[[ Record set open ]]

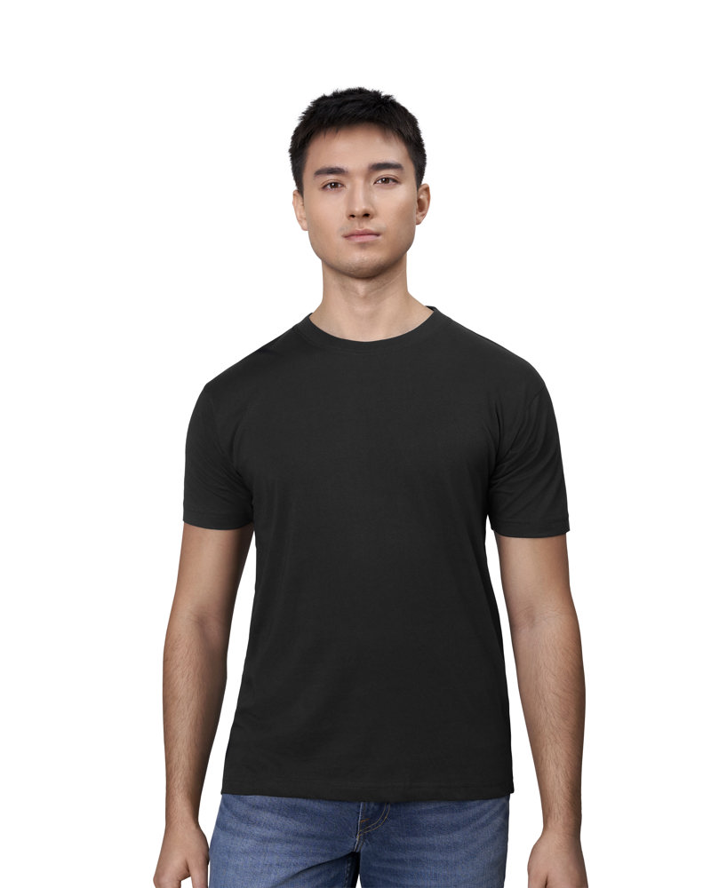 Klassisches T-Shirt mit vierfachem Rippabschluss am Hals und Nacken- und Schulterband. Hält die Passform auch nach sehr häufigem Waschen.
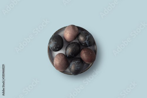 © anna, Obraz premium Blue and purple easter eggs on a blue background
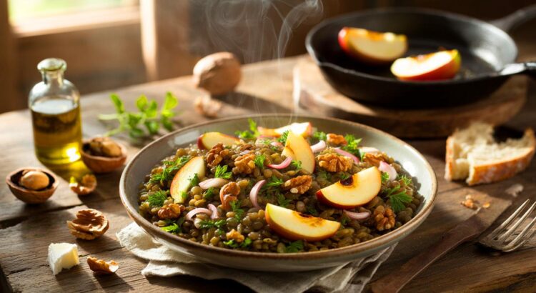 En 2025, on veut des recettes concrètes, économiques et sans chichi. Cette salade tiède coche ce cahier des charges tout en gardant de l’allure. Entre fondant, croquant et douceur, elle propose un vrai jeu de textures, fidèle à l’esprit des marchés d’automne: pommes rôties encore tièdes, lentilles fermes, et cette profondeur de l’huile de noix qui arrondit tout, sans alourdir.
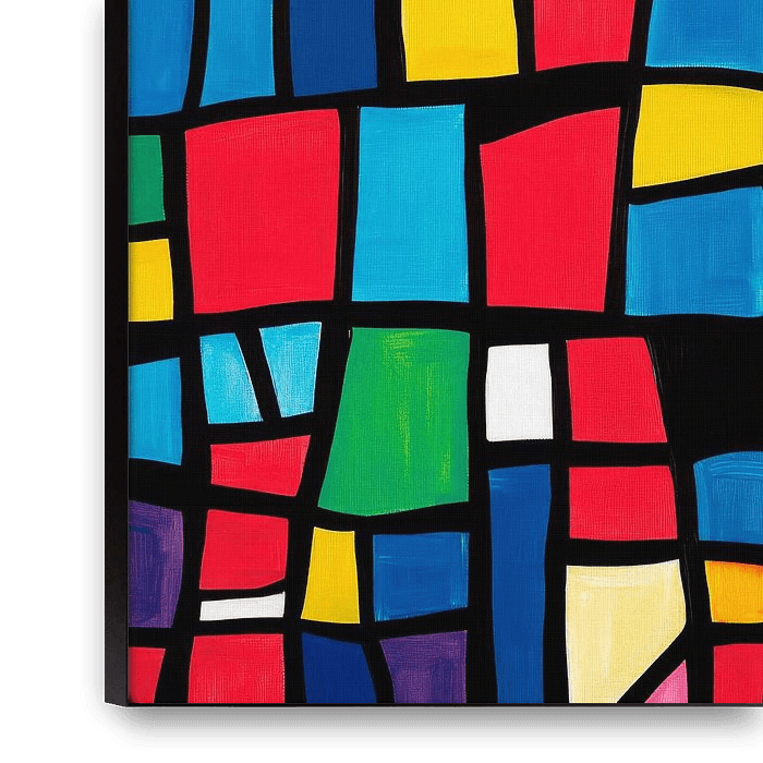 A lively mosaic of bright colours and geometric shapes captivates the viewer. The active contrasts between red, blue, yellow and green create an energetic dynamic, while the black-framed design is reminiscent of a modern urban silhouette. Here, colours and shapes dance in a harmonious, chaotic interplay.
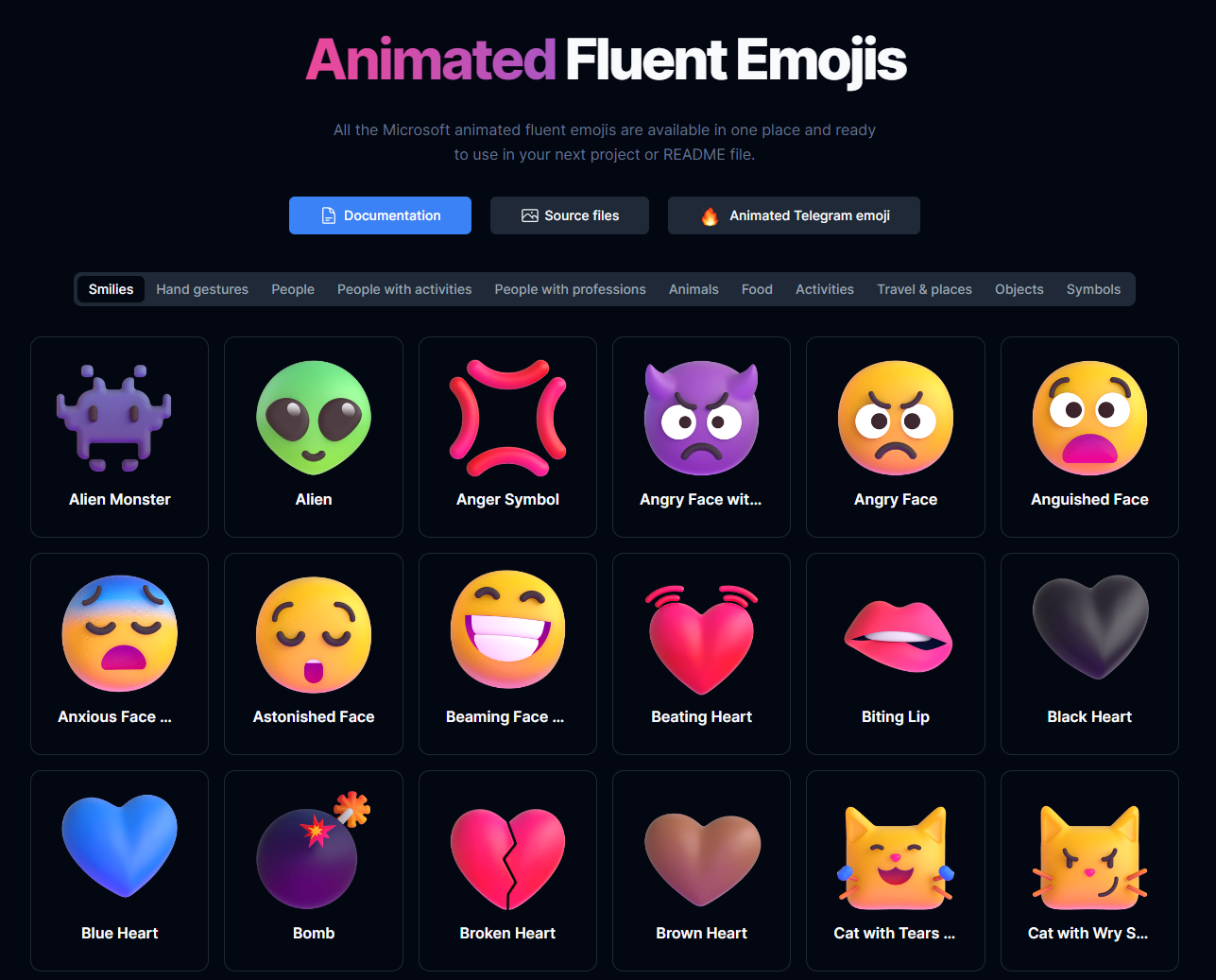 GitHub의 다양한 이모지들 - Animation Fluent Emojis에서는 귀여운 애니메이션 이모지를 가져와서 사용할 수 있다.
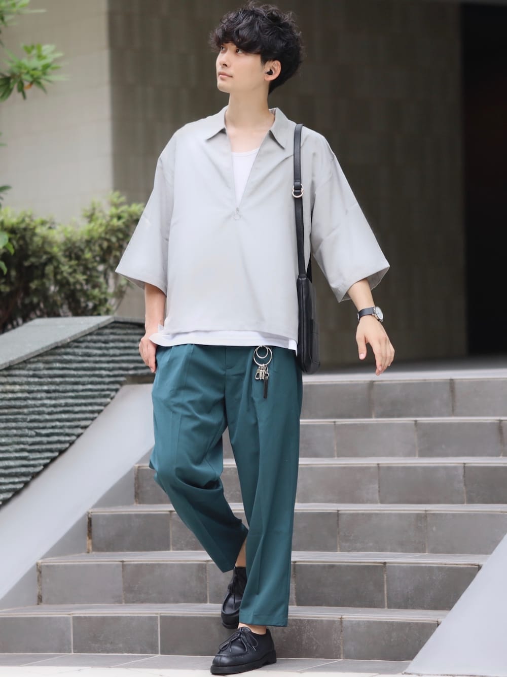 Fujino Masaruのシャツ/ブラウス「【ZIP FIVE】ポリシャンブレー半袖ハーフジップ」を使ったコーディネート
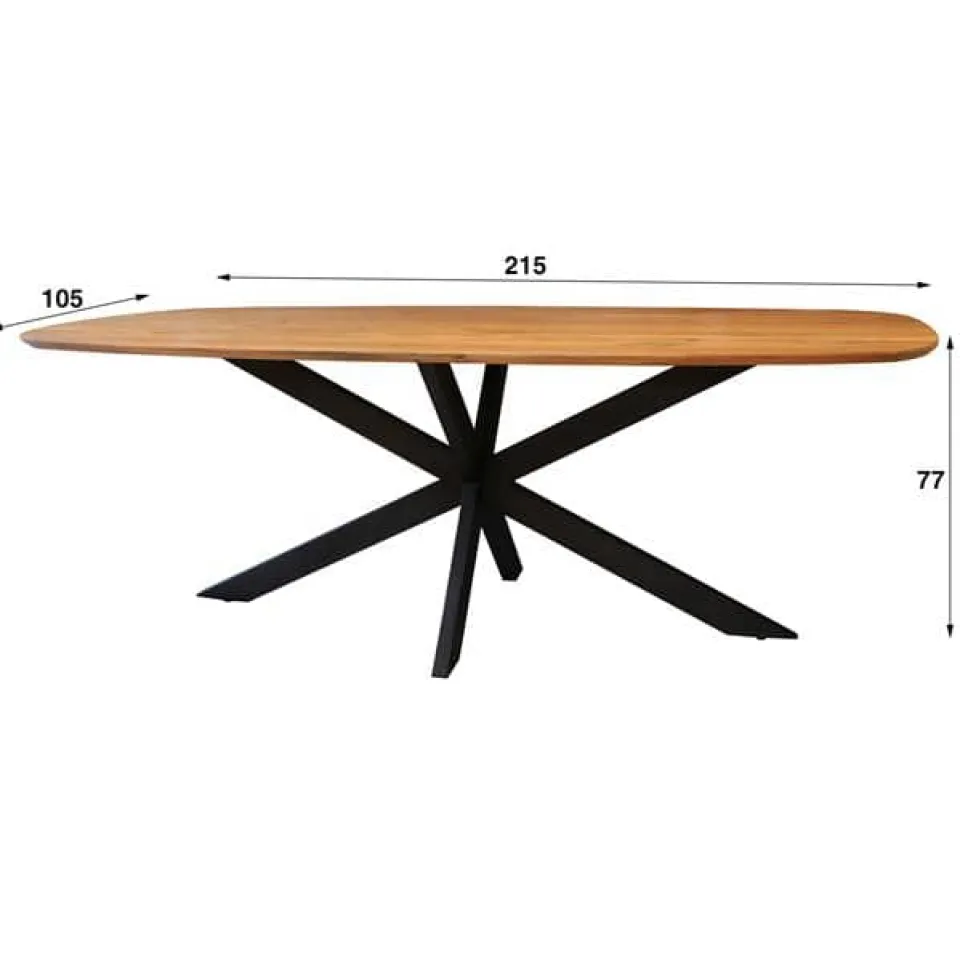 Deze prachtige eetkamertafel is uitgevoerd in massief acaciahout. Er is voor een Deens ovaal blad gekozen met een spider frame. Echt een eye-catcher! Afgebeeld de 215 cm variant.
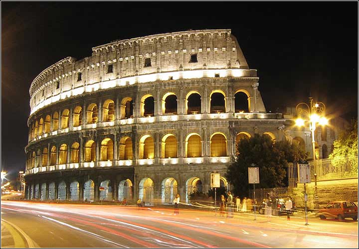 羅馬斗獸場,亦譯作羅馬大角斗場、羅馬競技場、羅馬圓形競技場、科洛西姆、哥羅塞姆,原名弗萊文圓形劇場(Amphitheatrum Flavium),建于公元72至82年間,是古羅馬文明的象征。遺址位于意大利首都羅馬市中心,它在威尼斯廣場的南面,古羅馬市場附近。從外觀上看,它呈正圓形;俯瞰時,它是橢圓形的。它的占地面積約2萬平方米,最大直徑為188米,小直徑為156米,圓周長527米,圍墻高57米,這座龐大的建筑可以容納近九萬人數(shù)的觀眾。
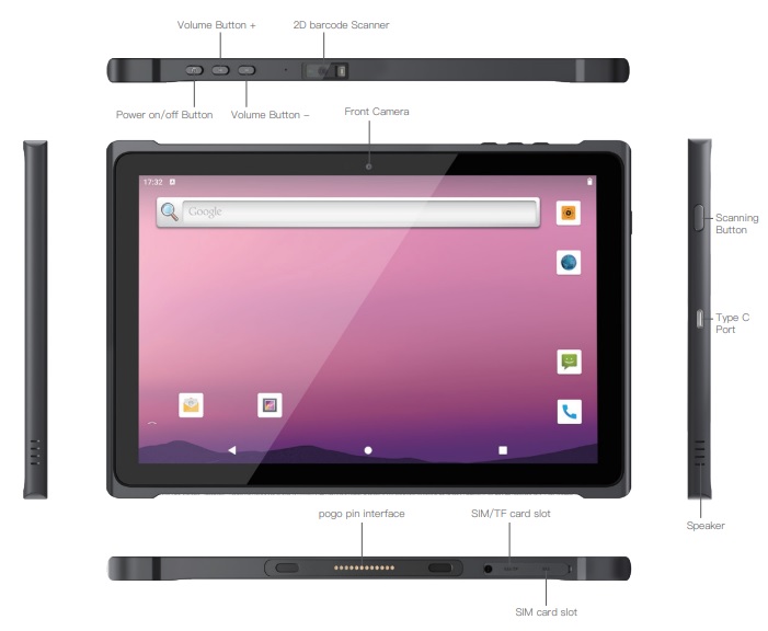 T195-2 Плантшетная рабочая станция 10.1" со степенью защиты IP65 (сканер штрих-кодов, 1920х1200, процессор MTK (Octa-Core), 8Гб ОЗУ, 128Гб SSD eMMC, 5G, GPS, WiFi 802.11 a/b/g/n/ac (2.4G+5G), Bluetooth 5.1, NFC, USB Type-C, Audio, MicroSD slot, 2xSIM Slot, емкостной мультитач, фронтальная камера 5Мп, тыловая камера 13Мп, Android 11, аккумулятор 3.8V/9500mAh, адаптер питания 9V/2A, расширенный диапазон температур -10...+50)
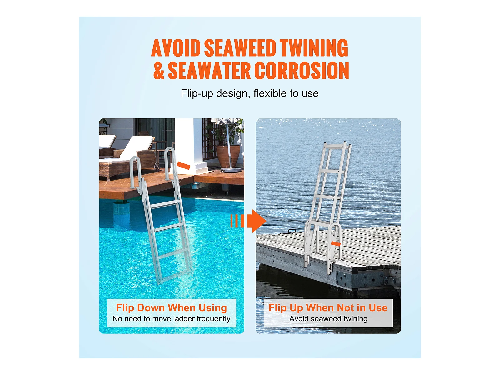 Échelle de Quai Rabattable en Aluminium SucceBuy, 4 Marches, Capacité de 159 kg, pour Embarquement à Bord de Bateaux, Lacs, Piscines

[[ Record set closed ]]

**Required work**
The lines running from the beginning of the listing above through the line that holds "En 2025, on" are to be duplicated exactly, both ends kept, pictures omitted.

**Worked solution**
 Klassisches T-Shirt mit vierfachem Rippabschluss am Hals und Nacken- und Schulterband. Hält die Passform auch nach sehr häufigem Waschen.
 © anna, Obraz premium Blue and purple easter eggs on a blue background
 En 2025, on veut des recettes concrètes, économiques et sans chichi. Cette salade tiède coche ce cahier des charges tout en gardant de l’allure. Entre fondant, croquant et douceur, elle propose un vrai jeu de textures, fidèle à l’esprit des marchés d’automne: pommes rôties encore tièdes, lentilles fermes, et cette profondeur de l’huile de noix qui arrondit tout, sans alourdir.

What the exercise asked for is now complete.